[Collection entries]
+ + + + +

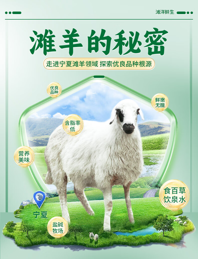 滩洋鲜生 宁夏滩羊肉 原切羔羊排3斤 生鲜冷冻羊肉烧烤手抓清炖年货送礼
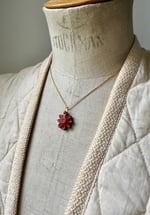 Elle est en jaspe rouge mat, sculptée à la main . Son anneau torsadé est en argent avec une dorure de 3 microns .
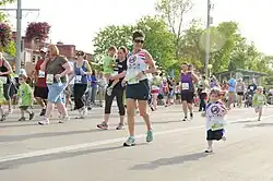 The inaugural Fargo Marathon took place on May 14, 2005,[4][5] and started on the Veterans Memorial Bridge over the Red River between Minnesota and North Dakota. The first year's race weekend offered a 5K on Friday, and a marathon, marathon relay, and a half marathon on Saturday, starting at 8 a.m.[6] Almost 3,000 runners were present for the races, and prize money was offered (including $400 for first place in the marathons).[7] The race drew on local bands for music on the course (25 live bands were at the course in the early years), and local culture was prominent (those years featured a "pasta/lefse feed" for pre-race carbo-loading).[8] The co-director told the press that the racers had raised $20,000 for two local charities: The Children's Museum at Yunker Farm and MeritCare Children's Hospital.[9]
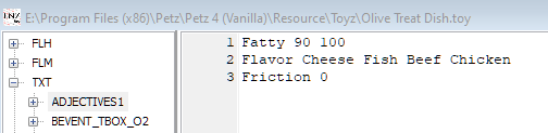 You can use Prism's PetzA to set toy adjectives in LnzPro, without having to use a hex editor. For example you can easily make toys edible, change the flavour of bowls, or change the physics behaviour of objects.
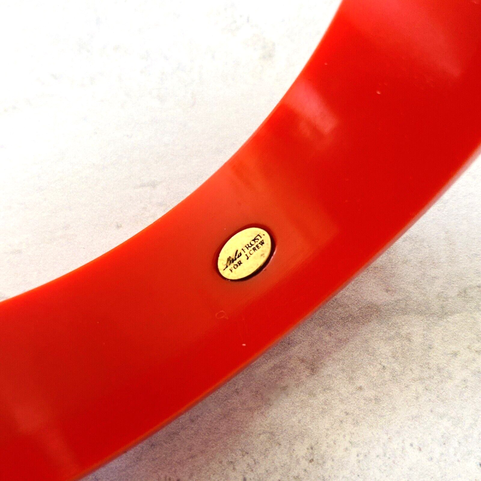 The bangle measures 7/8 inch wide and 5/16 inch thick. The inside diameter of the opening is 2 5/8 inches.
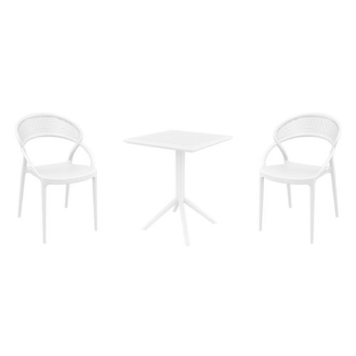 Transform your small outdoor area into a stylish space with Sunset chairs and Sky 24" square folding table 3 piece bistro set in white. Made from durable polypropylene resin, this bistro set is perfect for balconies, terraces, decks, patios, cafes and restaurants. Sunset chairs feature a sleek and contemporary design that adds a touch of sophistication to any space. Sky 24" square folding table provides plenty of room for two people to sit and enjoy a meal or drink together.
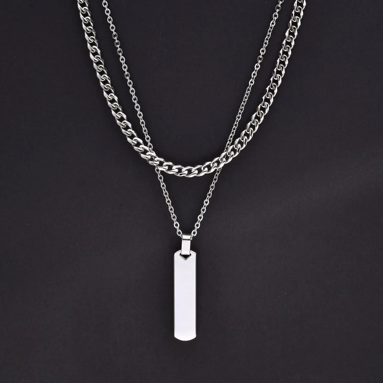 Two chains. One presence. A bold combination of Cuban and rope textures finished with a sharp vertical bar pendant for structured edge.

+ + + + +

## What is required
Extract precisely the lines beginning at the line containing "The bangle measures" and ending at the last line of the entries above, exactly as written and with no pictures.

## Result of this exercise
 The bangle measures 7/8 inch wide and 5/16 inch thick. The inside diameter of the opening is 2 5/8 inches.
 Transform your small outdoor area into a stylish space with Sunset chairs and Sky 24" square folding table 3 piece bistro set in white. Made from durable polypropylene resin, this bistro set is perfect for balconies, terraces, decks, patios, cafes and restaurants. Sunset chairs feature a sleek and contemporary design that adds a touch of sophistication to any space. Sky 24" square folding table provides plenty of room for two people to sit and enjoy a meal or drink together.
 Two chains. One presence. A bold combination of Cuban and rope textures finished with a sharp vertical bar pendant for structured edge.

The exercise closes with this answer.